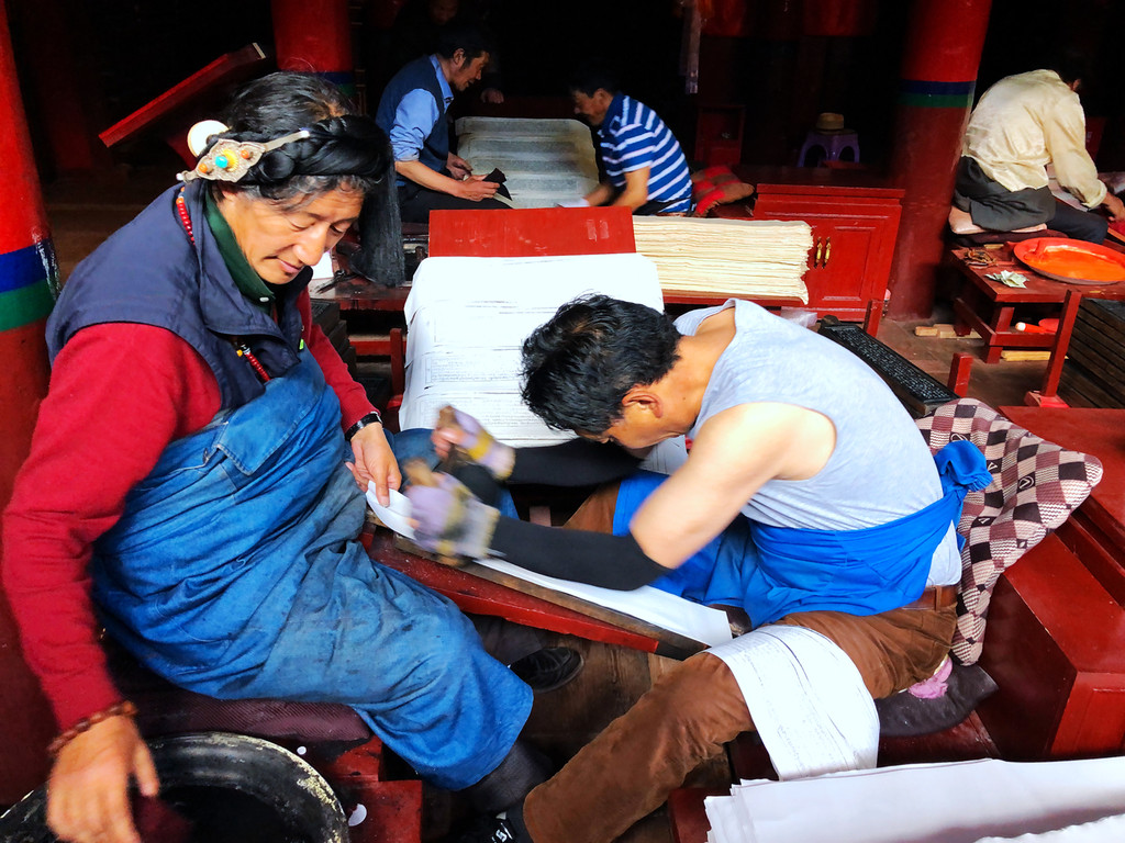 又上了一层楼,眼前立刻亮堂了许多,原来到了印经室。这是一个开放的空间,采光很好。有好几组人正在忙碌着。印刷时,一人来回奔走取送书版,另两人相对而坐,一高一低,书版放于两人之间,一人用擦板蘸墨涂版,一人放纸,用磙筒一滚、揭下,一页书当即印成。有点像过去见的木刻画。
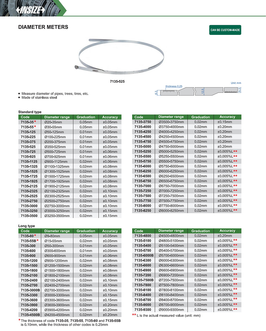 | 7135-525 | ±0.05mm | 0.01mm | Ø350-525mm |
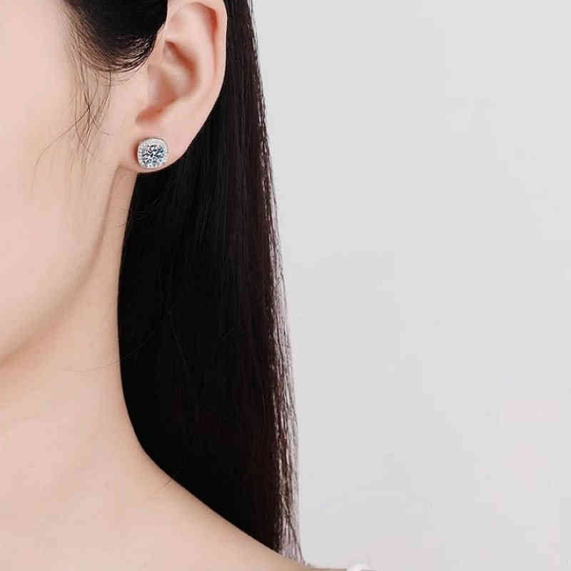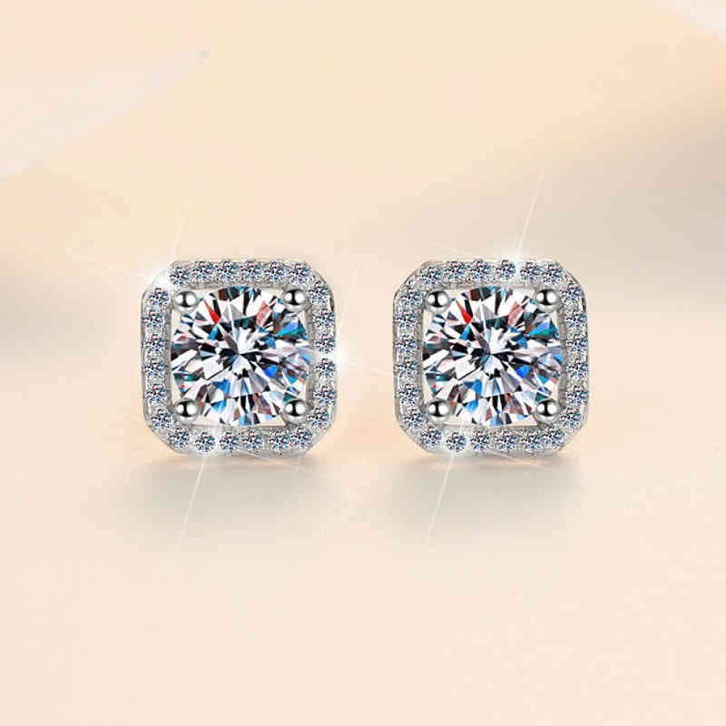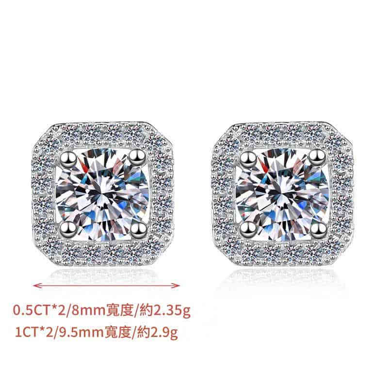 s925純銀簡約方包方形D色莫桑鑽耳環耳釘
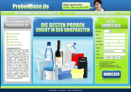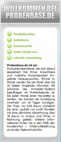 Via Google-Anzeige bin ich auf das Angebot von Probenbase.de aufmerksam geworden. Wer sich hier anmeldet, um monatlich einen Newsletter mit ausgesuchten Produktproben zu erhalten, kann mit einer Rechnung i. H. v. € 78,- rechnen. Bei näherer Betrachtung von Probenbase.de steht eins schon mal fest; Herr Ahmad Kakar hat eine neue Plattform.
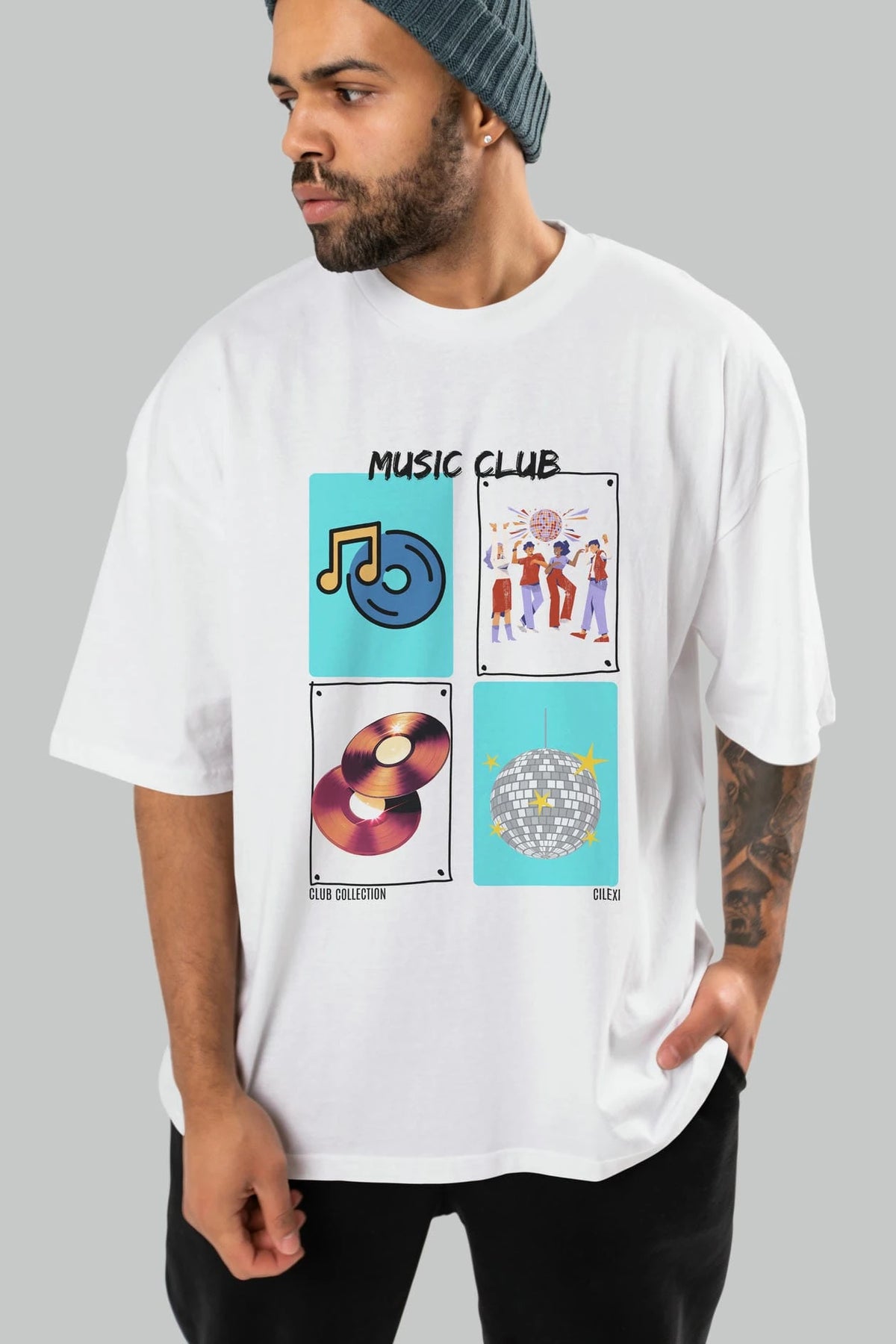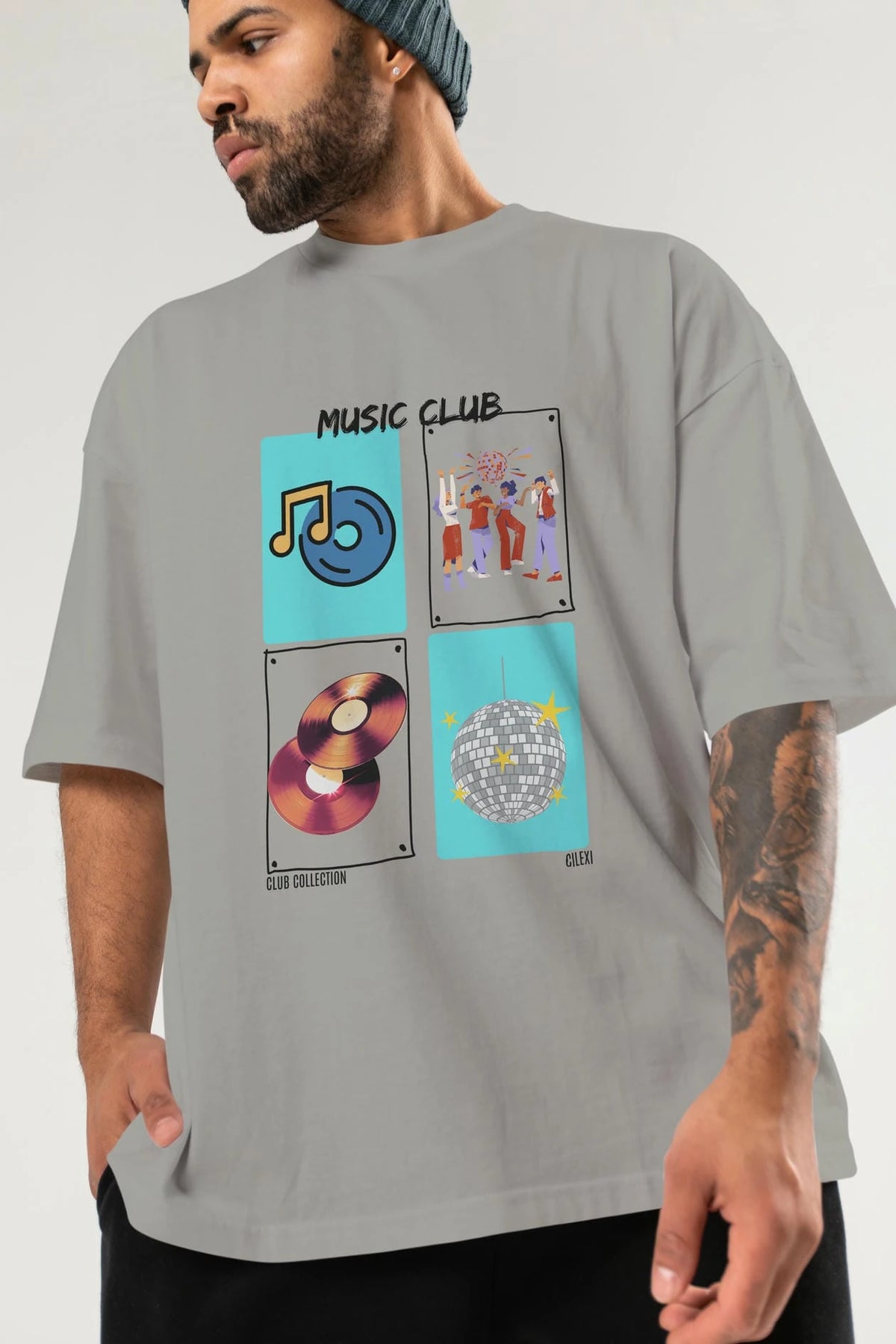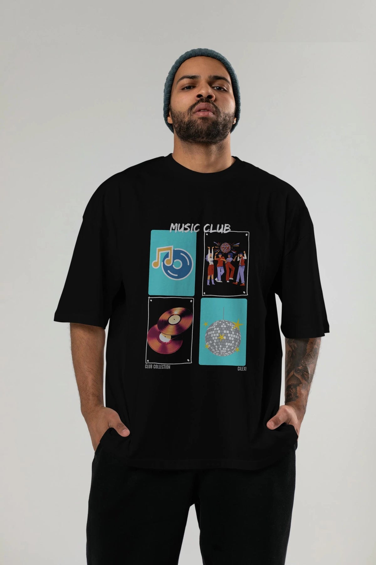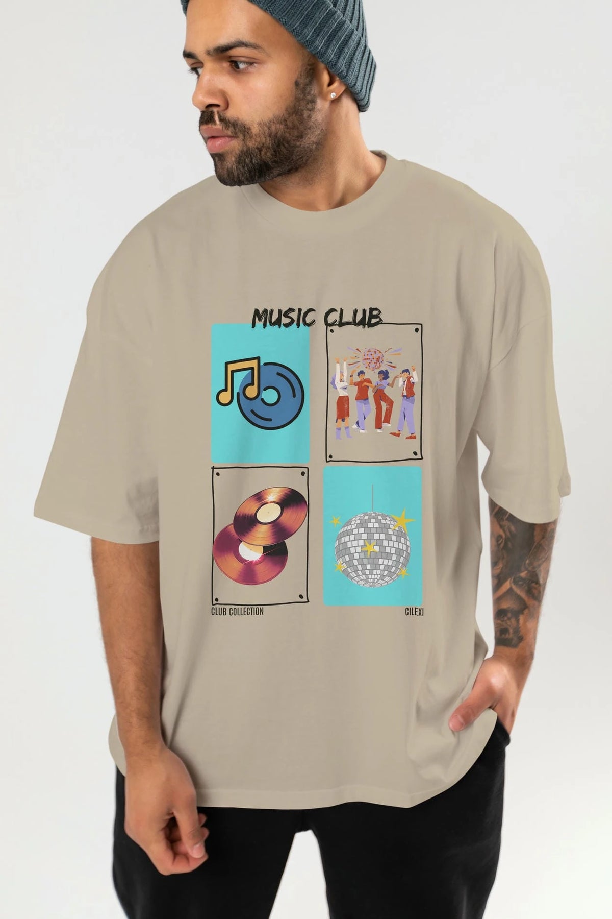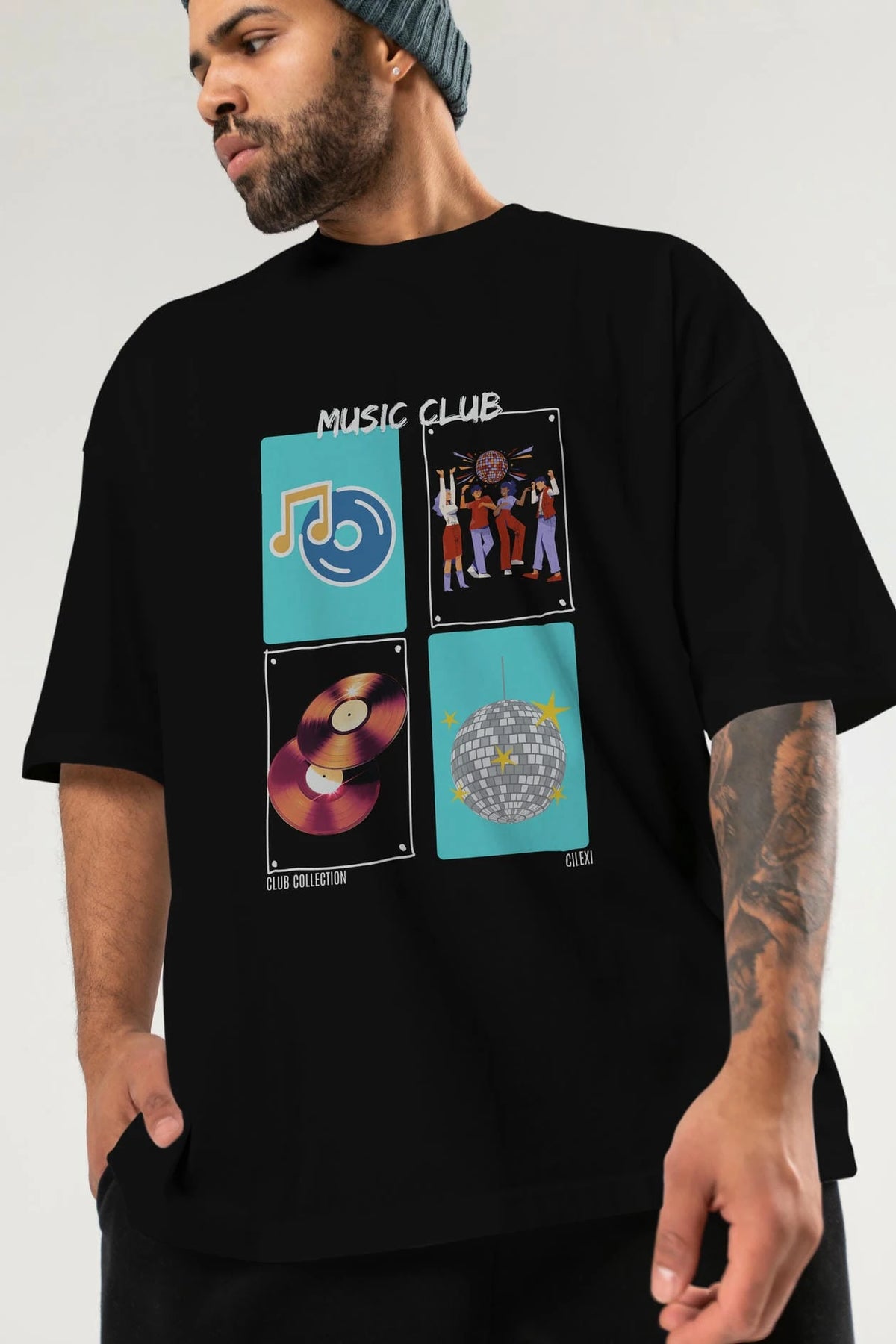 Music Club ön Baskılı Oversize t-shirt Erkek Kadın %100 Pamuk Bisiklet Yaka tişort
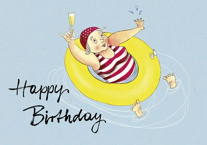 Frau Schwimmring Happy Birthday Doppelkarte
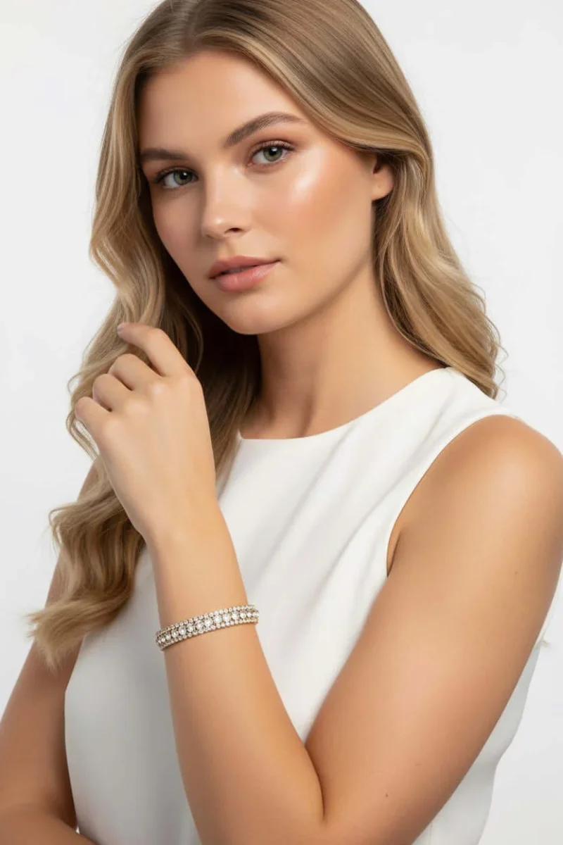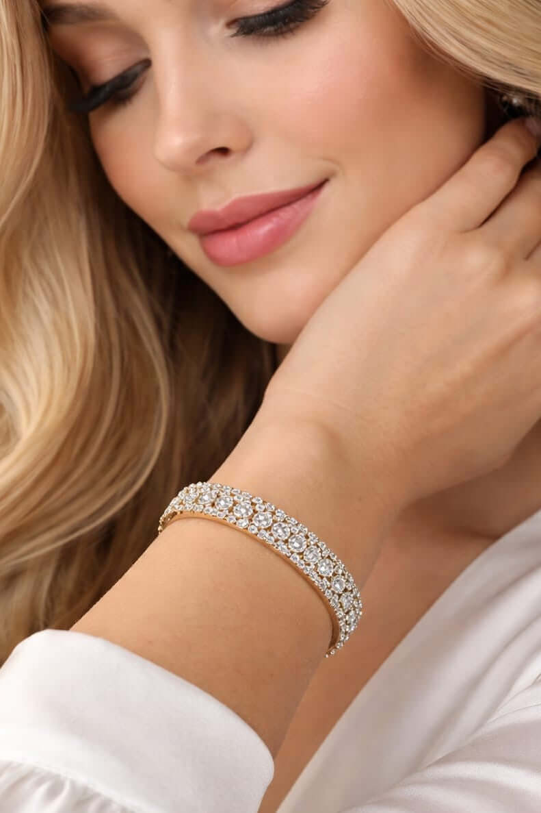 Bracciale Diva color oro e trasparente in rame e zirconi. Nichel a norma di legge.
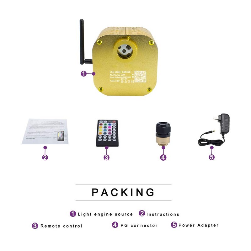 AZIMOM Fiber Optic light features the world’s most advanced LED Fiber Optic Technology, can achieve twinkle,voice control, color change and other functions, providing a more wonderful visual experience. Techincal Specification Input voltage:AC86-265V/DC12V POWER:16W COLOR:RGBW LED:RGBW LED Net Weight: 630g Gross Weight: 730g Light source device size:L110*W83*H110mm Fiber head inner diameter:20mm Light body material:Aluminum Remoter dimension: L85× W52 × H7mm Lifetime: 50,000 hours Warranty:2 years Package : 1*16W light box 1*PG connector 1*28keys remote 1*DC power adapter

# WHAT IS NEEDED
Make a word-for-word repeat of the material, skipping all pictures.

# ANSWER TO THE EXERCISE
 又上了一层楼,眼前立刻亮堂了许多,原来到了印经室。这是一个开放的空间,采光很好。有好几组人正在忙碌着。印刷时,一人来回奔走取送书版,另两人相对而坐,一高一低,书版放于两人之间,一人用擦板蘸墨涂版,一人放纸,用磙筒一滚、揭下,一页书当即印成。有点像过去见的木刻画。
 | 7135-525 | ±0.05mm | 0.01mm | Ø350-525mm |
 s925純銀簡約方包方形D色莫桑鑽耳環耳釘
 Via Google-Anzeige bin ich auf das Angebot von Probenbase.de aufmerksam geworden. Wer sich hier anmeldet, um monatlich einen Newsletter mit ausgesuchten Produktproben zu erhalten, kann mit einer Rechnung i. H. v. € 78,- rechnen. Bei näherer Betrachtung von Probenbase.de steht eins schon mal fest; Herr Ahmad Kakar hat eine neue Plattform.
 Music Club ön Baskılı Oversize t-shirt Erkek Kadın %100 Pamuk Bisiklet Yaka tişort
 Frau Schwimmring Happy Birthday Doppelkarte
 Bracciale Diva color oro e trasparente in rame e zirconi. Nichel a norma di legge.
 AZIMOM Fiber Optic light features the world’s most advanced LED Fiber Optic Technology, can achieve twinkle,voice control, color change and other functions, providing a more wonderful visual experience. Techincal Specification Input voltage:AC86-265V/DC12V POWER:16W COLOR:RGBW LED:RGBW LED Net Weight: 630g Gross Weight: 730g Light source device size:L110*W83*H110mm Fiber head inner diameter:20mm Light body material:Aluminum Remoter dimension: L85× W52 × H7mm Lifetime: 50,000 hours Warranty:2 years Package : 1*16W light box 1*PG connector 1*28keys remote 1*DC power adapter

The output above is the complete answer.